After Bill Vander Zalm replaced Bennett as premier in August 1986, Richmond was re-assigned as Minister of Social Services and Housing. He was re-elected in that October's provincial election; with Kamloops being revised to a dual-member district, Richmond served that term alongside Bud Smith. He retained his cabinet portfolio, and additionally served as Minister of State for the Okanagan Region from October 1987 to July 1988. Following the resignation of Bill Reid as Minister of Tourism and Provincial Secretary, Richmond briefly assumed those roles from September to November 1989, before becoming Minister of Forests.
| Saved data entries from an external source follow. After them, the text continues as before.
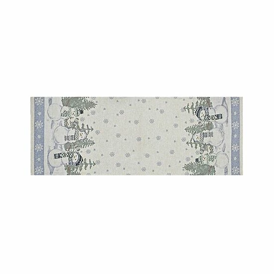 Give your dining space a holiday makeover with this St. Nicholas Square cozy snowman tapestry table runner.
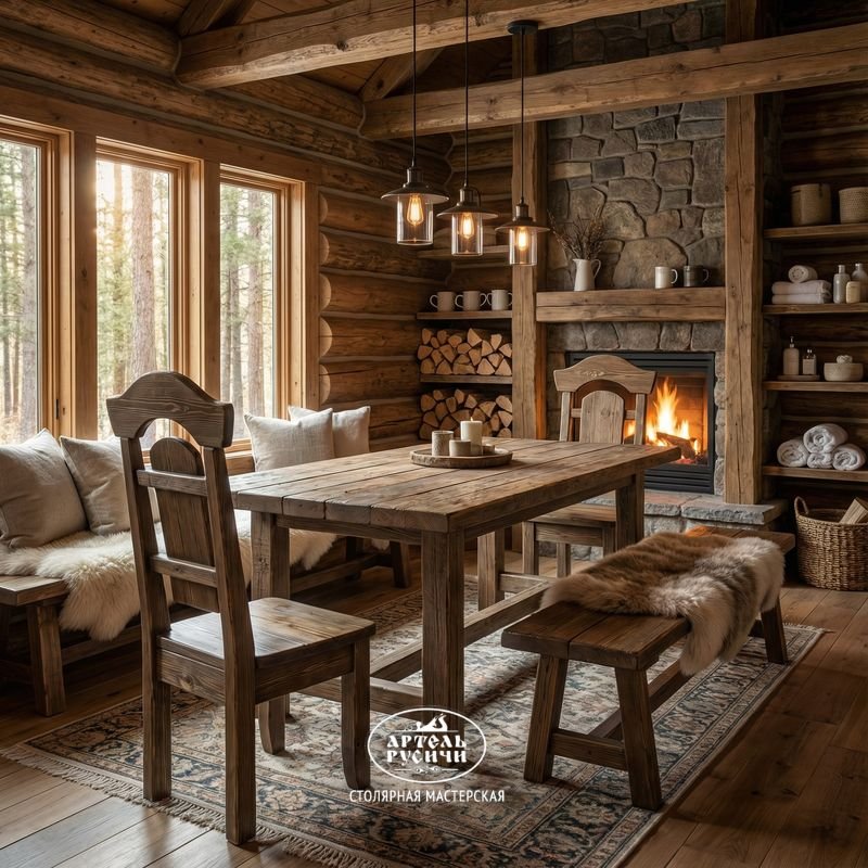 Добротную мебель под старину используют владельцы усадеб и загородных домов для оформление обеденной зоны в гостинной, в комнате отдыха в бане, на просторной террасе или в беседке на даче. Кроме того, брутальная мебель из массива сосны отлично смотрится в просторных залах ресторанов или кафе, оформленных в стилистике – кантри, шале, этно, рустика, лофт.
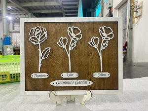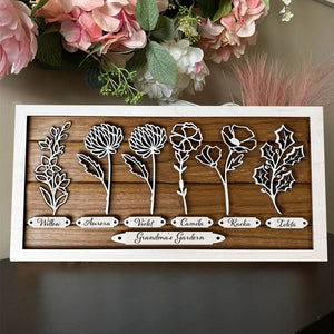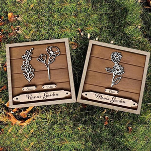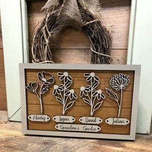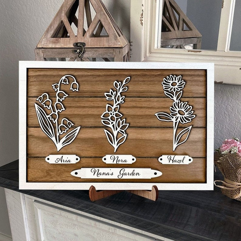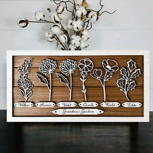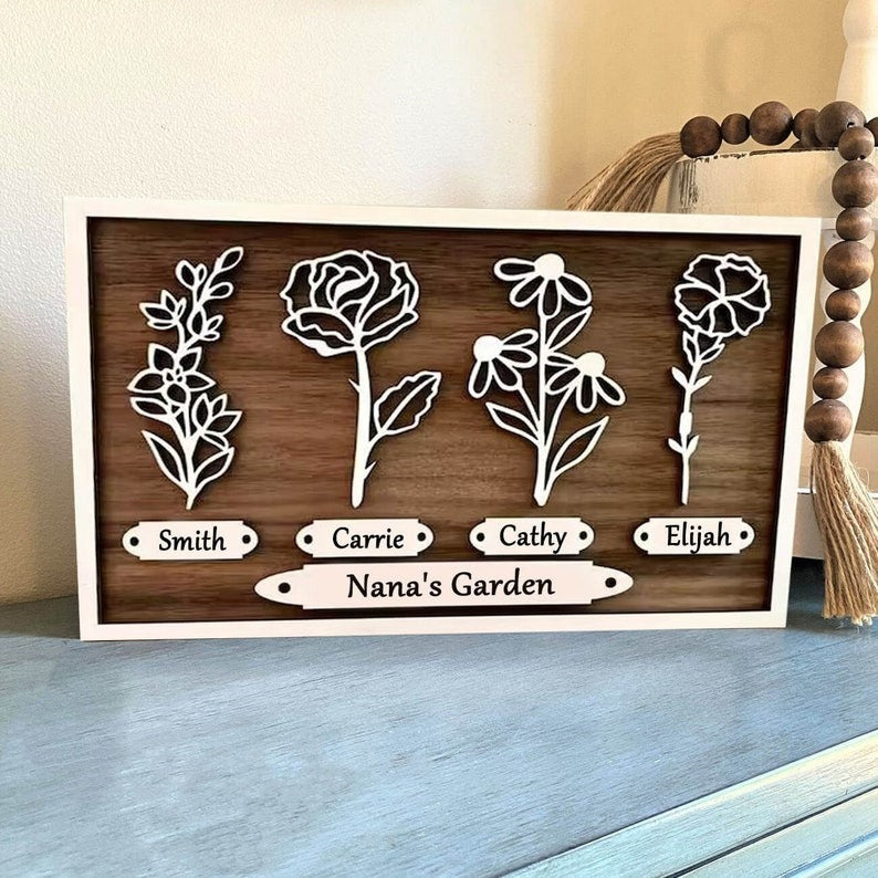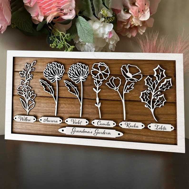 Personalized Grandma's Garden Birth Month Flower Frame Wood Sign, Gifts For Mother's Day, Present For Grandma With Grandchildren Names
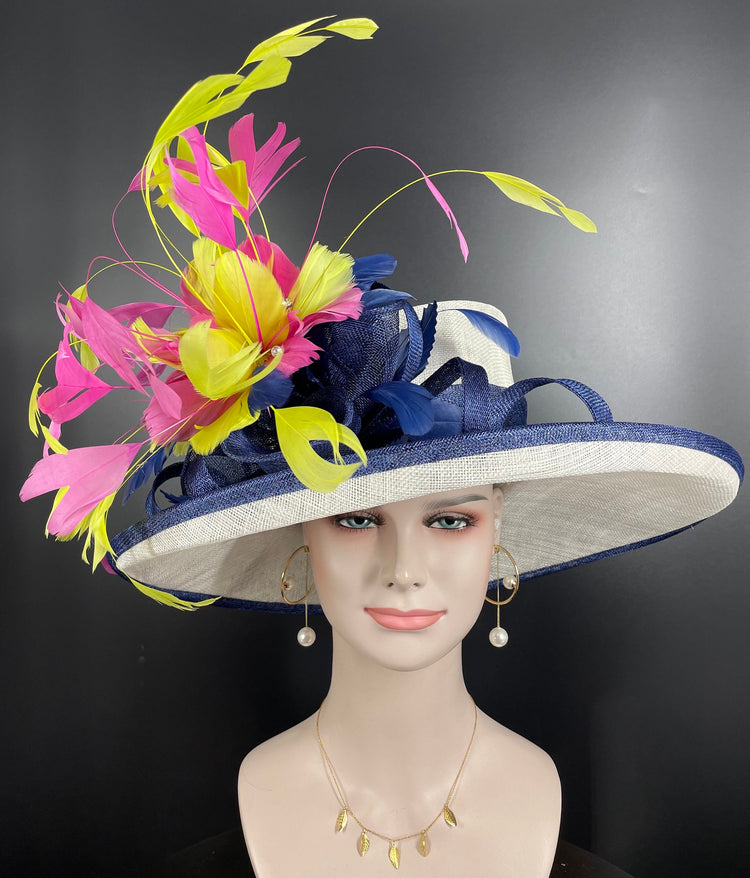 Sinamay Kentucky Derby Hat: Wide Brim Feather Flower, Tea Party Wedding
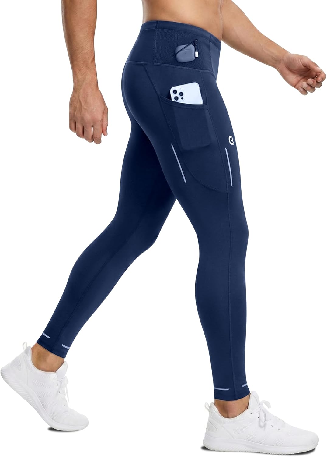 Men's Running Tights with 6 Pockets Compression Winter Running Pants for Men Reflective Thermal Leggings for Jogging
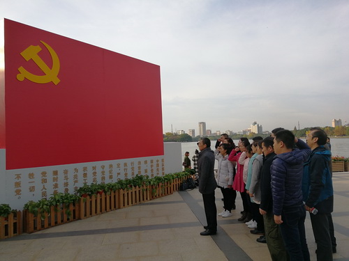 25日,支部党员一行首先瞻仰了位于上海市兴业路76号的中国共产党第一次全国代表大会会址。参观了《伟大开端——中国共产党创建历史陈列》展览,包括“前赴后继、救亡图存”、“风云际会、相约建党”、“群英汇聚、开天辟地”等专题展区,通过大量的实物、图片、雕塑和沙盘等,述说着中共一大十三名代表的生平事迹简介和中国共产党成立的艰辛历程。大家深深感受到前辈们立志建党报国的爱国热情和凌云壮志。之后,支部党员来到嘉兴瞻仰了南湖红船和南湖革命纪念馆。在南湖边,每位党员举起右手重温了入党誓词,共产党员的初心和使命要时刻牢记在心。
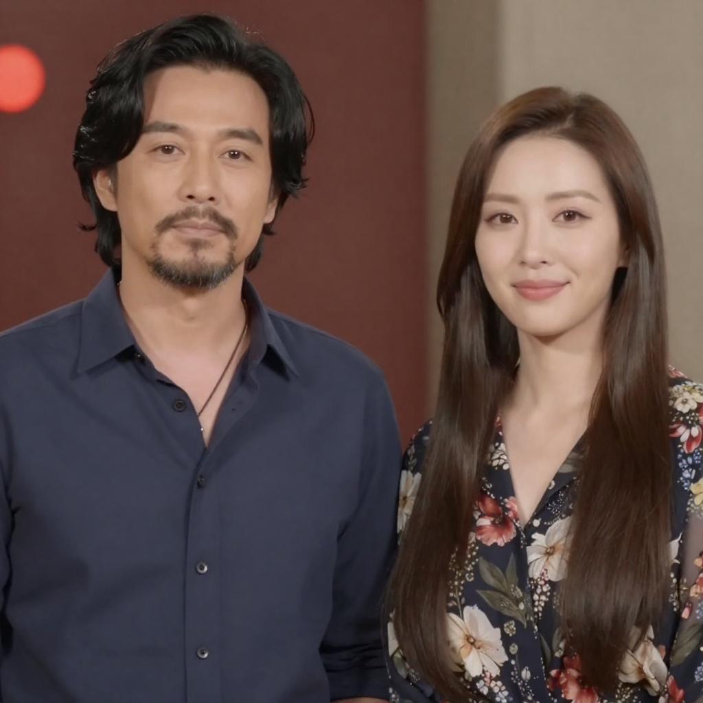 Photograph of two people in a cave. Woman with black leather jacket, purple pants, and long brown hair. Man with black leather jacket, red shirt, and black hair. Both looking forward, intense expressions. Rock wall background. Man on right slightly leaning forward.

He was also the Government House Leader from 1988 to 1991.

Vander Zalm resigned as premier and party leader in April 1991; Richmond unsuccessfully contested the ensuing interim leadership vote, and subsequently stayed on as Minister of Forests under new premier Rita Johnston. He declined to run in that year's provincial election, which saw the Socreds reduced to only seven seats in the legislature. Following Johnston's resignation in January 1992, Richmond ran again for party leader. In the November 1993 leadership election, he came in third place behind Graham Bruce and eventual winner Grace McCarthy on the second ballot, and was eliminated.
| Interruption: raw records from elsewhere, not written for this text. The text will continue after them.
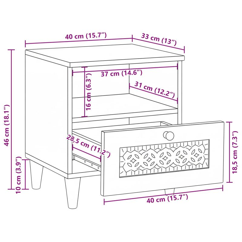 Това масивно нощно шкафче съчетава рустикален чар и практичност, идеално за подобряване на атмосферата в спалнята. То е надежден спътник за леглото, с опростен, но стилен дизайн, който отговаря на нуждите ви от стил и практичност. Масивната текстура и естественият финиш придават уют на помещението, докато осигуряват и удобно място за ваши лични вещи. С изчистения си силует и естествени цветове, шкафчето е идеално допълнение към всяка стая, която иска да получи хубаво излъчване.]},{,Language,Translation, Материали: Изработено от масивна акациева дървесина, това шкафче сочи с устойчива конструкция за дълготрайност. Натуралният вид на акациевата дървесина придава топла атмосфера, създавайки спокойствие в спалнята. Инженерната дървесина също я подсилва, за да е стабилна нито за момент., Включени компоненти: С проектирано с голямо чекмедже, шкафчето има обилно пространство за съхранение на основни вещи – мобилни устройства, книги или неща, важно за всяка нощ. Чекмеджето се отваря лесно с дръжка, правейки достъпа до вещите ви или каквото търсите много бързо., Характеристики / Функционалност / Дизайн: Издръжливото му рустикално излъчване ще устои на времето с грация. Рустикалният стил подчертава естествената красота, а гладката текстура на повърхността е предизвикателството за визуален интерес. Материал от масивно мангово дърво Това шкафче е направено от качествено мангово дърво, което му дава здравина и красив ръстикален вид. Манговото дърво е известно със своята издръжливост, така че ще изглежда отлично дори при ежедневна употреба. Освен това, естествените вариации на зърната правят всяко шкафче уникално, добавяйки характер към дома ти. Също е достатъчно здраво, за да побере всичките ти нощни принадлежности. Вграден рафт и чекмедже За удобно съхранение, това шкафче идва с полезен рафт и чекмедже. Имаш достатъчно място да организираш книги и лични вещи, така че да държиш всичките си нощни нужди на ръка разстояние. Рафтът е проектиран да се вписва прекрасно в дизайна, подобрявайки елегантния вид на масата, докато максимизира функционалността в тесни пространства. Матово покритие Нематериалното матово покритие придава класически вид, комбинирайки традиционен стил с модерен дизайн. Това покритие не само изглежда страхотно, но и помага за устойчивостта на износване. Идеално е за различни стилове на декорация, от минималистичен до класически, правейки го вечен елемент за всяко помещение. Традиционен декор Шкафчето има класически линии и внимание към детайлите, представлявайки традиционен стил, който подобрява атмосферата в спалнята или всекидневната. Неговото присъствие добавя уют и комфорт, действайки като стилен акцент, който се съчетава добре с друга мебелировка. Независимо дали е в спалнята ти или в хола, то се вписва идеално в различни интериорни теми. Инструкции за поддръжка За да го запазиш в добро състояние години напред, просто го избърсвай с суха кърпа. Избягвай агресивни химикали или абразиви, за да запазиш повърхността. Не е нужно много, за да изглежда стилно и готово за твоите ежедневни нужди у дома.
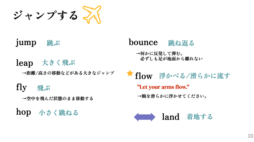 - 「飛ぶ」「回る」など、動きの指示に関する英語を学びます。先生や振付家の指示に正確に反応できるように、似たような意味の単語が持つニュアンスの違いを分かりやすく解説します。
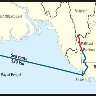 পূর্বাঞ্চলীয় সাতটি রাজ্যের সাথে যোগাযোগের জন্য দিল্লির কাছে বাংলাদেশ ব্যতীত অন্য আরেকটি সহজ মাধ্যম হলো মায়ানমার। কলকাতা থেকে সমুদ্রপথে মায়ানমারের সিওটা বন্দর হয়ে সহজে ভারতীয় ভূখণ্ড মিজোরামে প্রবেশ করা যাবে। … (ইমেজঃ ১)
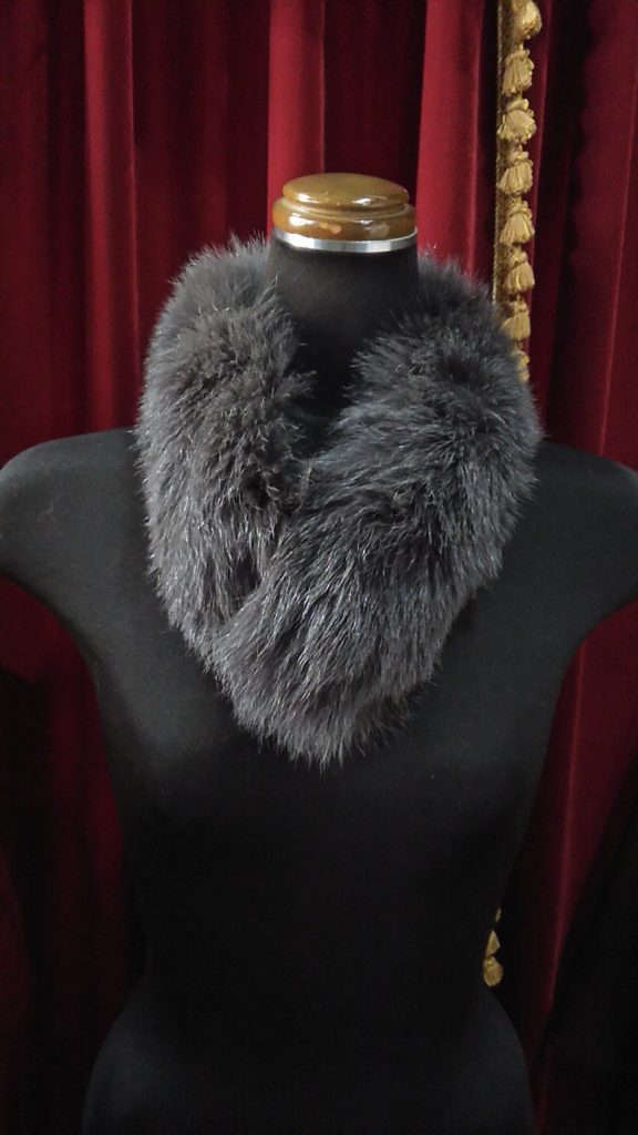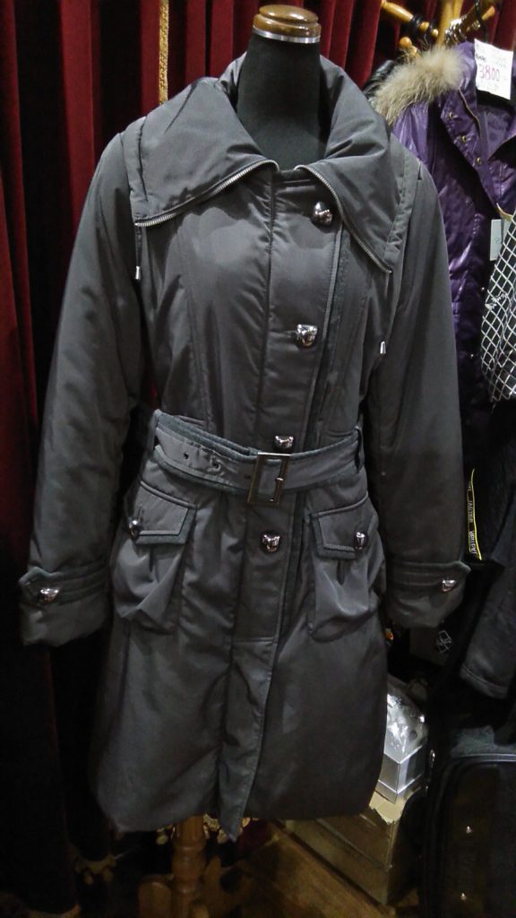 新古品のイタリア製のグレー・ハーフコート、USEDのブラウン・チュニック、ブラック柄・ニットチュニック、ブラック×ビジュー・チュールチュニック、グレー×FOX・ファーマフラーをお買い上げくださいました♪

While away from politics, Richmond conducted consultancy work in the resource sector, and served as managing director of Kamloops Airport Limited from 1997 to 2001.

===Liberal Party===
He returned to politics in 2001 by running again in Kamloops in that year's provincial election, this time for the BC Liberals. He defeated the incumbent New Democratic Party candidate Cathy McGregor to re-enter the legislature, and was chosen as Speaker of the Legislative Assembly. After winning re-election in 2005, he was named to Premier Gordon Campbell's cabinet that June as Minister of Employment and Income Assistance.

On May 9, 2008, he announced that he would not stand for re-election in the 2009 provincial election; he was dropped from the cabinet that June.